▸ **Try it**: Give an exact transcription limited to the lines from the one with "按上述關系在一個勵磁周期下, 若假設t1 和t2" through the end of the entries, including both; no pictures belong in it.

· · ·

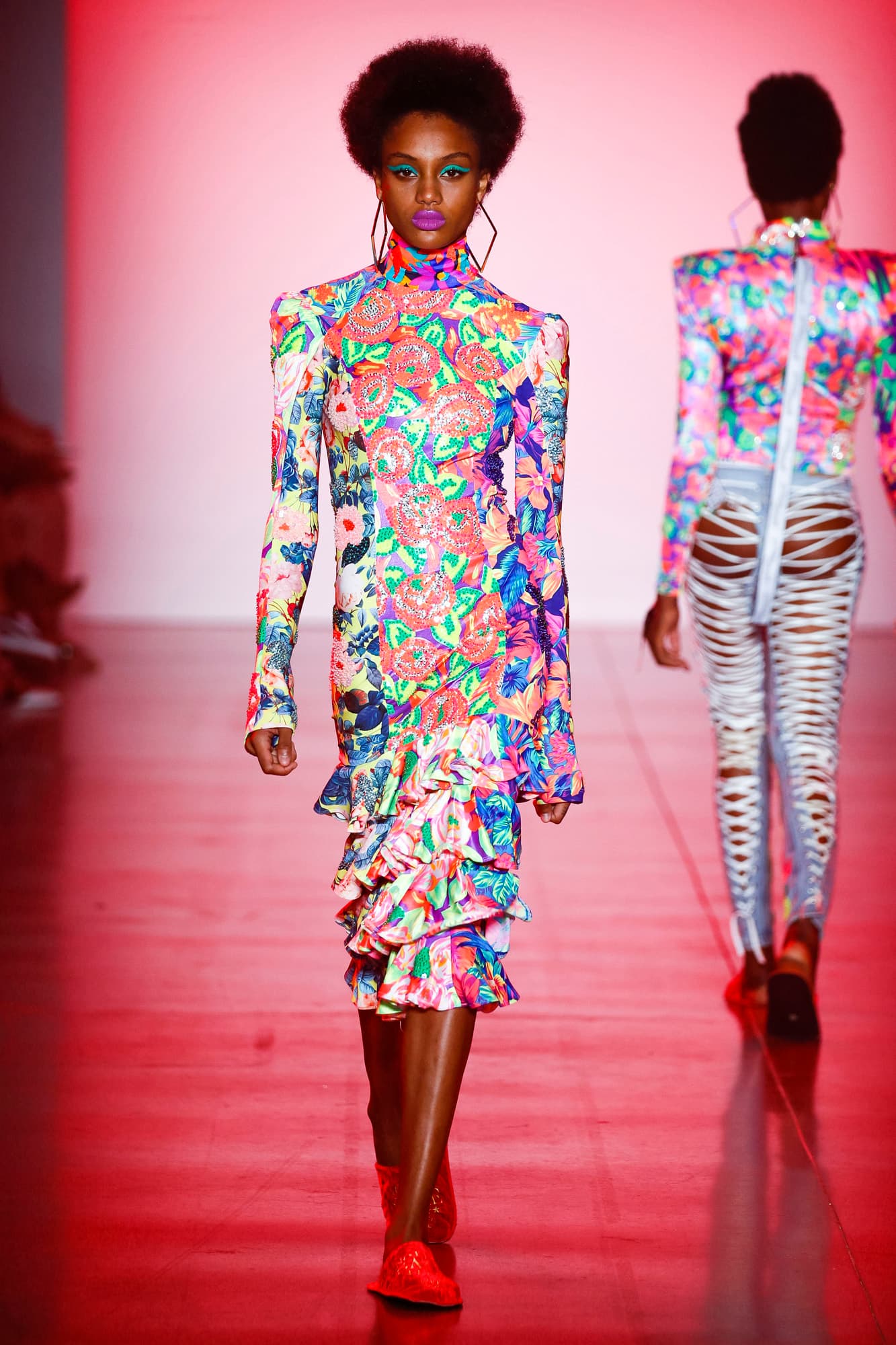 “It’s the dream,” says Cowan. “When I was 12, I decided I would be a fashion designer and live in New York City, and to be part of such an amazing week, it’s a dream.” This season, Cowan showed a collection full of exaggerated, structured tulle dresses and reworked suiting done up all in black along with animal-print jumpsuits and dresses, and pastel-hued dresses embellished with massive feathers—all the kind of thing you’ll probably see on the next star-studded stage. “My future goals are to create a modern fashion house that is based on inclusion and excitement,” he says. “I want to enrich American fashion and create opportunities for more like-minded individuals.”
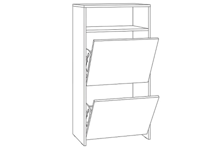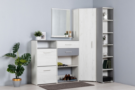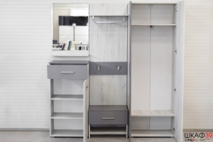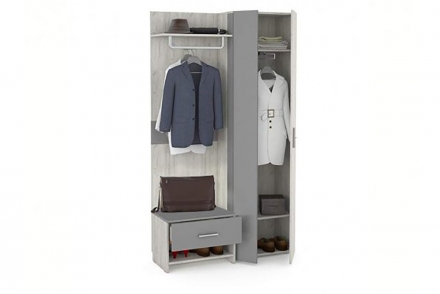 Внутреннее наполнение состоит из широкой ниши со штангой, глубокой антресоли и двух полок для размещения обуви и сумок.
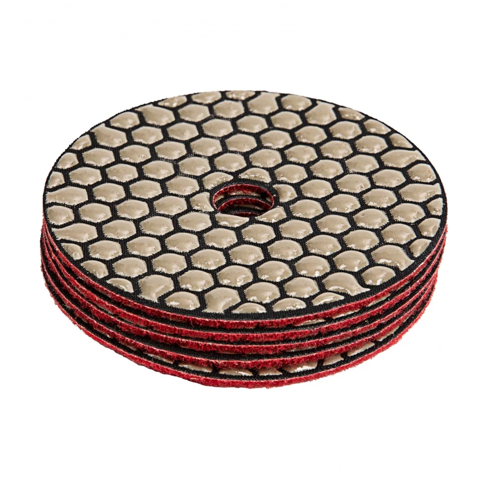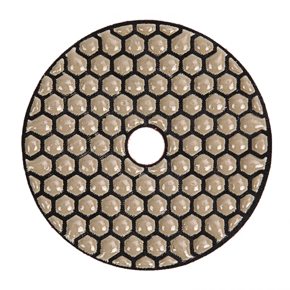 Алмазный гибкий шлифовальный круг Matrix 73506 диаметром 100 мм, с зернистостью P 3000, 5 шт. в упаковке, предназначен для сухого шлифования гранита, мрамора, природного и искусственного камня, керамогранита. Используется на поверхностях разного цвета, в том числе черных. Абразив с зернистостью P 3000 применяется для финишного полирования, позволяет добиться глянцевого блеска материалов. Гибкость круга упрощает обработку предметов сложной формы. Круг используется на УШМ с установленной опорной тарелкой для АГШК.ПреимуществаРабочая поверхность отличается высокой концентраций алмазов, а в качестве связки использован качественный термопластик, благодаря чему круг устойчив к износу и высоким температурам, обладает высоким рабочим ресурсом.Рабочая поверхность состоит из круглых сегментов с промежутками между ними - «черепашка» обеспечивает эффективный отвод шлама в процессе шлифовки без применения охлаждающей жидкости.Система крепления velcro позволяет моментально закрепить круг на липучке опорной тарелки.В упаковке 5 штук, которых хватит для выполнения большого объема работ.
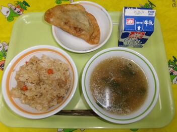 ★きなこ・・・大豆そのものを粉にしているので栄養が丸ごととれ消化にもよく 吸収率も上がります。良質のタンパク質を含み ビタミンB1・B2カリウム・鉄とミネラルも多く含みまた、食物繊維を多く含む栄養満点食材です。まさに「畑の肉」です。 きなこ揚げパンは、皆さんに喜んで食べてもらうため 40度以上の調理室で作業をしています。感謝していただきたいですね。
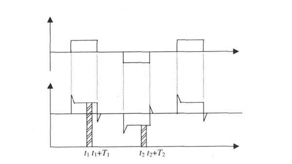 污水處理廢水流量計一般都采用工頻交流電源供電, 其電源電壓的幅值和頻率的變化都會給污水處理廢水流量計帶來電源性干擾噪聲。對電源電壓的幅值變化, 因采用多級集成穩(wěn)壓, 一般而言電源電壓的幅值變化對電磁流量的測量精度影響不大。當電源電壓的頻率波動時, 雖然其波動范圍有限, 但對污水處理廢水流量計測量精度影響較大。為了解決工頻干擾問題, 實現(xiàn)對流體流速感應電勢eab信號的準確測量, 需利用以下基本關系:①勵磁周期為工頻周期的整數(shù)倍, 即勵磁頻率為50/nHz(n為偶數(shù));②正負勵磁下的同相位采樣。圖2是對應低頻矩形波勵磁形式下的典型電勢信號形式, 按上述關系在一個勵磁周期下, 若假設t1 和t2 點為工頻干擾的等效干擾點, 且采樣寬度T=T1 =T2 , 則eab的基本算式為:
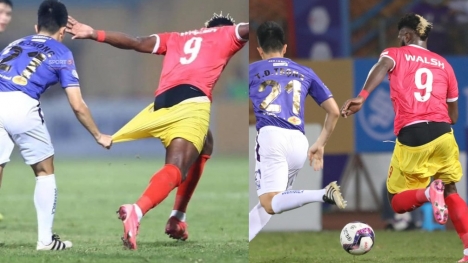 Tuyển thủ ĐTQG Việt Nam Trần Đình Trọng đang trở thành tâm điểm trên MXH sau pha phạm lỗi khá thô trước Chevaughn Walsh của Hồng Lĩnh Hà Tĩnh.
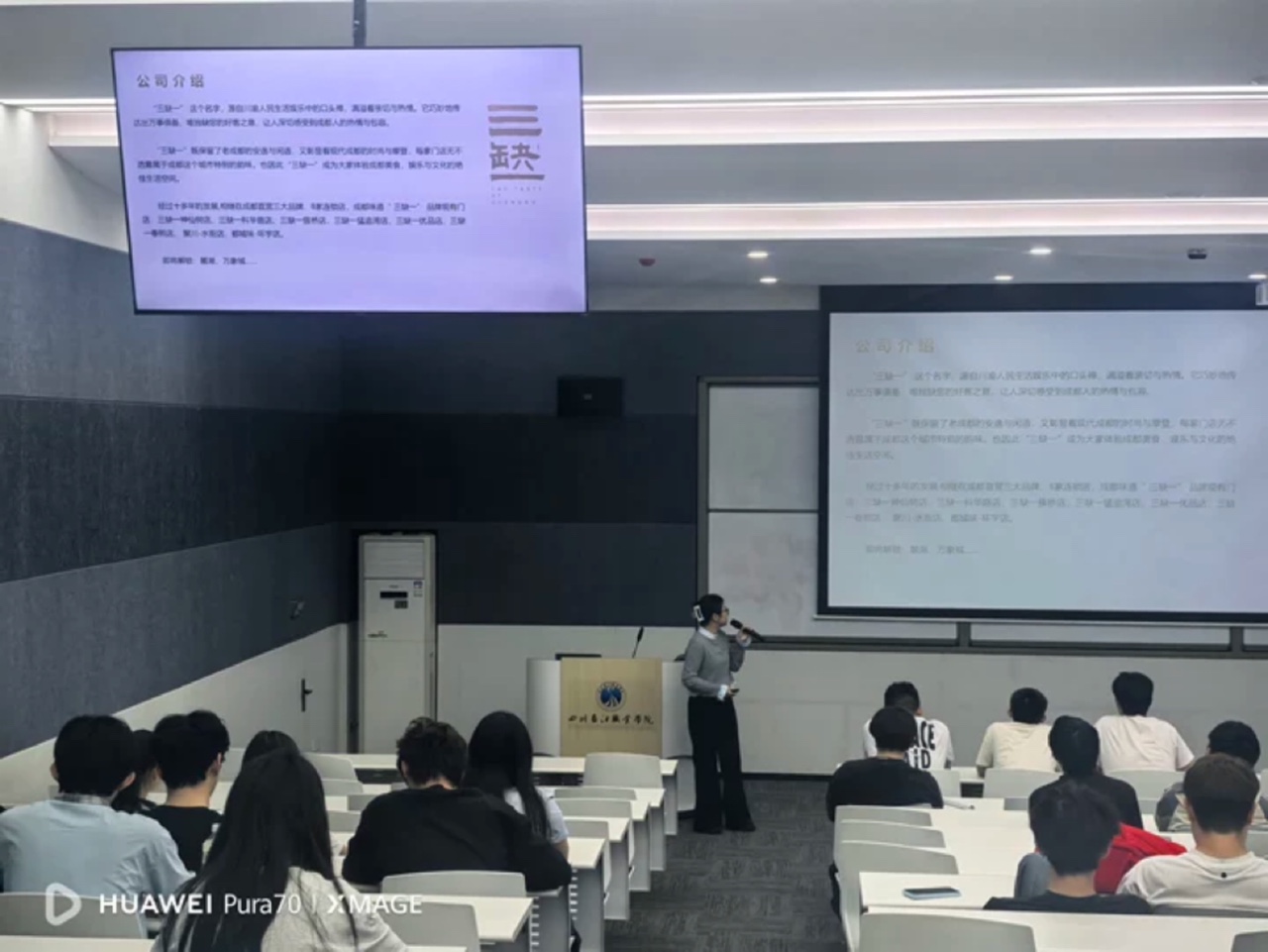 【本网消息】(智慧健康与管理学院 石梦琴供稿)2026年4月17日,工管系烹饪工艺与营养专业实习宣讲会在1211举行。成都味道三缺一餐饮有限公司运营总监刘总、成都中交简州置业有限公司酒店分公司(假日酒店)人力资源经理朱总出席活动,教师石梦琴及24级烹饪1、2班45名学生参会。
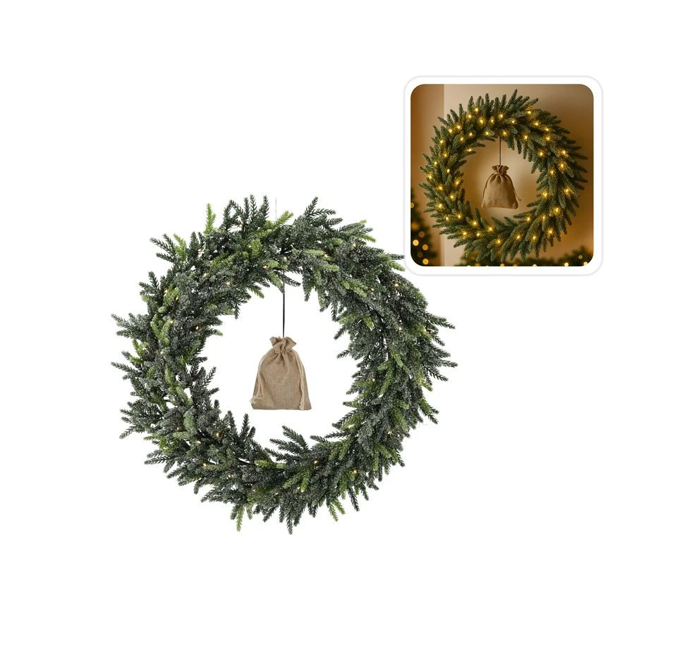 Ez az elegáns, 50 cm átmérőjű karácsonyi koszorú természetes hatású, hóborított fenyőágakból készült, amelyeket 50 darab meleg fehér mini led világítás díszít. A koszorú közepén egy zsákocska található, amely rusztikus karaktert ad a dekorációnak. A quot;próbáld kiquot; gombbal a világítás azonnal tesztelhető.Az elemes működésnek köszönhetően könnyen elhelyezhető bárhol ndash; ajtón, falon, ablakban vagy akár ünnepi asztaldíszként is.termékjellemzők:átmérő: 50 cmvilágítás: 50 db meleg fehér mini LEDtápellátás: 3 x AA elem (nem tartozék)funkció: quot;próbáld kiquot; gombmegjelenés: hófödte fenyőágak zsákos dekorralhasználat: beltéri
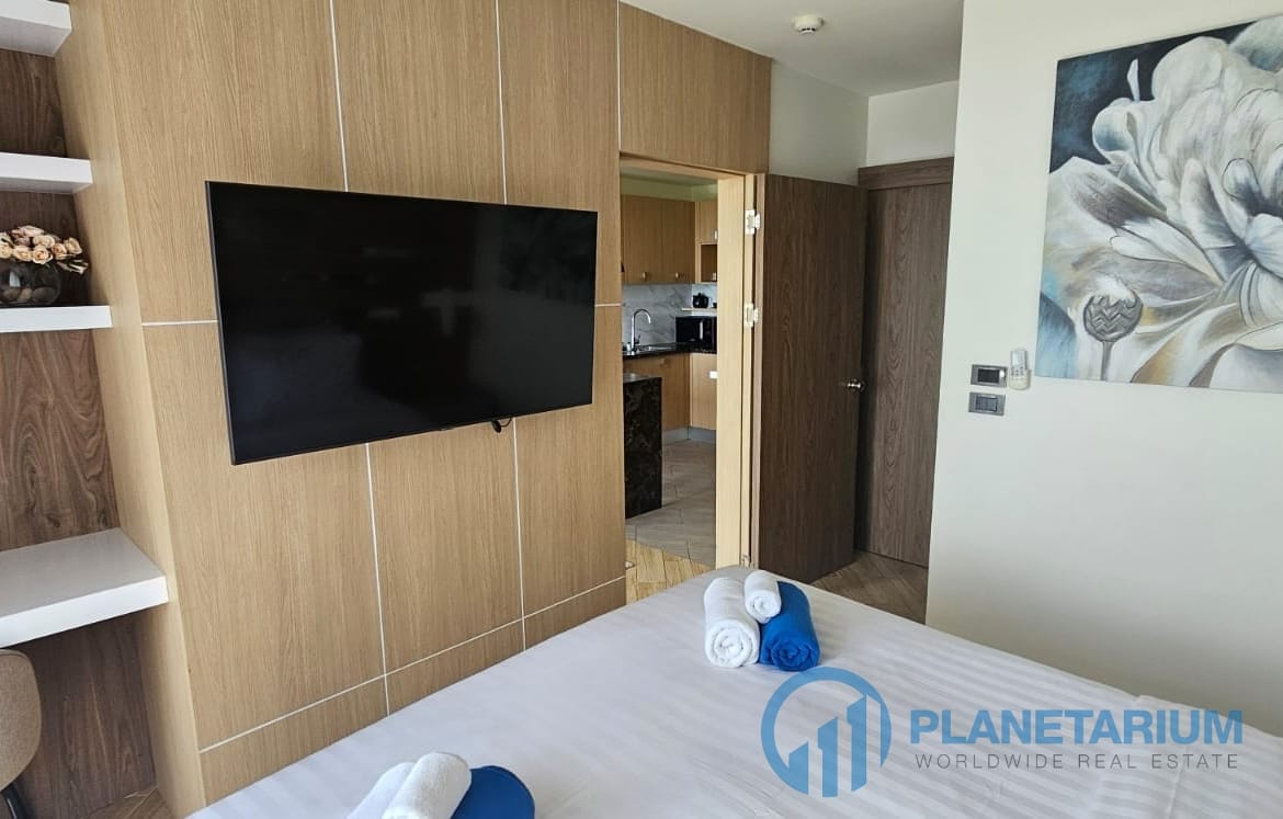 Cet appartement 1 chambre (📐 45 m²) offre une vue mer, 1 balcon et 1 salle de bain. Il est entièrement meublé et prêt à être occupé ✨.

· · ·

▸ **Response**:
 污水處理廢水流量計一般都采用工頻交流電源供電, 其電源電壓的幅值和頻率的變化都會給污水處理廢水流量計帶來電源性干擾噪聲。對電源電壓的幅值變化, 因采用多級集成穩(wěn)壓, 一般而言電源電壓的幅值變化對電磁流量的測量精度影響不大。當電源電壓的頻率波動時, 雖然其波動范圍有限, 但對污水處理廢水流量計測量精度影響較大。為了解決工頻干擾問題, 實現(xiàn)對流體流速感應電勢eab信號的準確測量, 需利用以下基本關系:①勵磁周期為工頻周期的整數(shù)倍, 即勵磁頻率為50/nHz(n為偶數(shù));②正負勵磁下的同相位采樣。圖2是對應低頻矩形波勵磁形式下的典型電勢信號形式, 按上述關系在一個勵磁周期下, 若假設t1 和t2 點為工頻干擾的等效干擾點, 且采樣寬度T=T1 =T2 , 則eab的基本算式為:
 Tuyển thủ ĐTQG Việt Nam Trần Đình Trọng đang trở thành tâm điểm trên MXH sau pha phạm lỗi khá thô trước Chevaughn Walsh của Hồng Lĩnh Hà Tĩnh.
 【本网消息】(智慧健康与管理学院 石梦琴供稿)2026年4月17日,工管系烹饪工艺与营养专业实习宣讲会在1211举行。成都味道三缺一餐饮有限公司运营总监刘总、成都中交简州置业有限公司酒店分公司(假日酒店)人力资源经理朱总出席活动,教师石梦琴及24级烹饪1、2班45名学生参会。
 Ez az elegáns, 50 cm átmérőjű karácsonyi koszorú természetes hatású, hóborított fenyőágakból készült, amelyeket 50 darab meleg fehér mini led világítás díszít. A koszorú közepén egy zsákocska található, amely rusztikus karaktert ad a dekorációnak. A quot;próbáld kiquot; gombbal a világítás azonnal tesztelhető.Az elemes működésnek köszönhetően könnyen elhelyezhető bárhol ndash; ajtón, falon, ablakban vagy akár ünnepi asztaldíszként is.termékjellemzők:átmérő: 50 cmvilágítás: 50 db meleg fehér mini LEDtápellátás: 3 x AA elem (nem tartozék)funkció: quot;próbáld kiquot; gombmegjelenés: hófödte fenyőágak zsákos dekorralhasználat: beltéri
 Cet appartement 1 chambre (📐 45 m²) offre une vue mer, 1 balcon et 1 salle de bain. Il est entièrement meublé et prêt à être occupé ✨.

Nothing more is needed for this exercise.